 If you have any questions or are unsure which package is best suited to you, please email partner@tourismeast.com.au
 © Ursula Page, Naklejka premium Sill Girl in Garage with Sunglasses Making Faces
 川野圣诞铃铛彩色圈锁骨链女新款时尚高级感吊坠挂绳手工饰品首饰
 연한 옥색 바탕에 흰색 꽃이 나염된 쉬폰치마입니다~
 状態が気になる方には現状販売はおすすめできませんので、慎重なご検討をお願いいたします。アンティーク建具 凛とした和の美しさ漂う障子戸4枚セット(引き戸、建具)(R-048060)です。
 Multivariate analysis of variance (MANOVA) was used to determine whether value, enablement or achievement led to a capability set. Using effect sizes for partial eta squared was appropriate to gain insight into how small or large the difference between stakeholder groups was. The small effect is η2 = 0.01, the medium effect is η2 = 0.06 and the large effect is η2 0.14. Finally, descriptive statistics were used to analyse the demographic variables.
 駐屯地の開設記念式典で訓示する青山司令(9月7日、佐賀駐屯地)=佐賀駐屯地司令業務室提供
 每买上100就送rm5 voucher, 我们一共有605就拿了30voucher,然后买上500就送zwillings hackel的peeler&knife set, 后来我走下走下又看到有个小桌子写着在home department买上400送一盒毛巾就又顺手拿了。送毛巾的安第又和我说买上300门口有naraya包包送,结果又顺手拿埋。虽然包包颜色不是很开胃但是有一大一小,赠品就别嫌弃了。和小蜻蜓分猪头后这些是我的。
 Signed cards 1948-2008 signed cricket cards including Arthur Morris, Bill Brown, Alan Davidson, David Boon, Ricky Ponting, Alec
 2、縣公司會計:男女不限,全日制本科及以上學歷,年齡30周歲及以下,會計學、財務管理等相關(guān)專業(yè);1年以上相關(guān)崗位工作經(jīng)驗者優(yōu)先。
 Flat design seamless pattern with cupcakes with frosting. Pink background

--

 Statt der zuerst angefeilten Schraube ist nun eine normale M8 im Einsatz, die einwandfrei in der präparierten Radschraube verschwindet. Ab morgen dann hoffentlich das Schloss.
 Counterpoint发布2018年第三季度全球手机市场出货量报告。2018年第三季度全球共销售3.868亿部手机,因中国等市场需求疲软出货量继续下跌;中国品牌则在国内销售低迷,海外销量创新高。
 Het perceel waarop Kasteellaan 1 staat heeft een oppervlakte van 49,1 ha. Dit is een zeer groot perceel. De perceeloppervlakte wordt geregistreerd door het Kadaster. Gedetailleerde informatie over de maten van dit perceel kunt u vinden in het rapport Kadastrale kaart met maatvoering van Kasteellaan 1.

▶ _GOAL OF THE EXERCISE_
Please return only the lines above, starting at the line that has "川野圣诞铃铛彩色圈锁骨链女新款时尚高级感吊坠挂绳手工饰品首饰" and ending at the line that has "Flat design seamless", keeping both and leaving each one unchanged.

▶ _ANSWER SECTION_
 川野圣诞铃铛彩色圈锁骨链女新款时尚高级感吊坠挂绳手工饰品首饰
 연한 옥색 바탕에 흰색 꽃이 나염된 쉬폰치마입니다~
 状態が気になる方には現状販売はおすすめできませんので、慎重なご検討をお願いいたします。アンティーク建具 凛とした和の美しさ漂う障子戸4枚セット(引き戸、建具)(R-048060)です。
 Multivariate analysis of variance (MANOVA) was used to determine whether value, enablement or achievement led to a capability set. Using effect sizes for partial eta squared was appropriate to gain insight into how small or large the difference between stakeholder groups was. The small effect is η2 = 0.01, the medium effect is η2 = 0.06 and the large effect is η2 0.14. Finally, descriptive statistics were used to analyse the demographic variables.
 駐屯地の開設記念式典で訓示する青山司令(9月7日、佐賀駐屯地)=佐賀駐屯地司令業務室提供
 每买上100就送rm5 voucher, 我们一共有605就拿了30voucher,然后买上500就送zwillings hackel的peeler&knife set, 后来我走下走下又看到有个小桌子写着在home department买上400送一盒毛巾就又顺手拿了。送毛巾的安第又和我说买上300门口有naraya包包送,结果又顺手拿埋。虽然包包颜色不是很开胃但是有一大一小,赠品就别嫌弃了。和小蜻蜓分猪头后这些是我的。
 Signed cards 1948-2008 signed cricket cards including Arthur Morris, Bill Brown, Alan Davidson, David Boon, Ricky Ponting, Alec
 2、縣公司會計:男女不限,全日制本科及以上學歷,年齡30周歲及以下,會計學、財務管理等相關(guān)專業(yè);1年以上相關(guān)崗位工作經(jīng)驗者優(yōu)先。
 Flat design seamless pattern with cupcakes with frosting. Pink background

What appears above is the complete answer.